Derweil bereitet sie eine weitere Präsentation in einer kleinen New Yorker Galerie vor. Ein Modell zeigt den Aufriss einer Säule, ergänzt um modellierte Keramikelemente und Drucke von Gesten in der Art moderner Piktogramme. Die Arbeit ist so konzipiert, dass sie in Teilen im Koffer mitgenommen und alles Übrige vor Ort gebaut werden kann.

Andere Modelle beweisen, dass bereits Ideen für die abschließende Ausstellung in der Städtischen Galerie reifen. Es deutet sich eine Installation in der Auseinandersetzung mit Architektur, Raum, Bildhauerei und Figur an. Mirbach plant hier, mit Fotografie, Gitterelementen und Keramik zu arbeiten. Es geht um eine Last, die getragen und ausgehalten wird. Es geht im abgewandelten Zitat der griechischen Säulenfiguren um das Verhältnis von Architektur, Raum und Bildhauerei, das für frühere Künstler einst bedeutsam war.

Zu einer Seite des Ateliers liegen lose gesammelt Keramikteile, die noch gebrannt werden und anschließend glasiert werden sollen. "Keramikobjekte sind üblicherweise aus einem Stück. Doch mich interessiert, dass das Material in seinem monadischen Charakter doch zusammengesetzt wird", sagt Mirbach. Sie weiß noch nicht, ob sie alle diese Teile verwerten wird. Denn zum einen ist sie fasziniert von der autonomen Form, die ohne Idee und Zusammenhang entsteht, zum anderen setzt sie sich mit der auf den Raum bezogenen Lösung auseinander.

Gegenüber der losen Sammlung reihen sich Keramikobjekte, die mehrere Arbeitsschritte hinter sich haben, aneinander. Sie sind gegossen, zerbrochen und wieder neu zusammengesetzt - oft mehrfach -und farbig glasiert. "Für mich ist die Bemalung eine Möglichkeit, mit Farbigkeit umzugehen. Mich interessiert hier nicht das Malerische. Es geht mir nicht um eine harmonische Komposition, sondern um die Frage, wie sich Formen über die Farbigkeit aufzulösen scheinen", sagt die Künstlerin.

Zur Keramik fand die Bildhauerin über den Wunsch, sich Modelle herzustellen. Keramiken dieser Art sind in Installationen integriert, oft in Verbindung mit Gitterrastern. Das bildhauerische Anliegen steht bei Mirbach immer an erster Stelle. So auch bei Fotos, die schließlich als eigenständiges Werk Bestand haben. Jedes Foto ist gespeist aus verschiedenen Bildquellen, die durch Licht und Spiegelung zusammengefasst sind. "Ich würde mich nie als Fotograf bezeichnen", sagt Mirbach, die sich ebenso wenig als Malerin versteht. Noch von der Farbe feuchte, auf den Boden liegende Papierarbeiten sind experimentelle Studien.
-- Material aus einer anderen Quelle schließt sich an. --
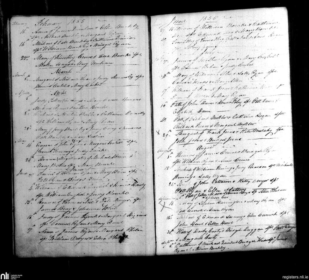 Cappawhite; County of Tipperary; Diocese of Cashel and Emly. Baptisms, Feb. 1855 to Sep. 1855

Die einstige Meisterschülerin des Künstlers und Professors Thomas Grünfeld hat Betonreliefs geschaffen, bis der Wunsch nach Arbeiten mit mehr Leichtigkeit Gestalt annahm. In früheren Jahren hat die 36-Jährige anders als in jüngster Zeit Großformate bevorzug. Den Freiraum, den ihr das Stipendium bietet, will Mirbach nun nutzen, um im großen Atelier auch wieder größere Arbeiten zu schaffen. Dann will sie erneut "in den bildhauerischen Prozess anders einsteigen".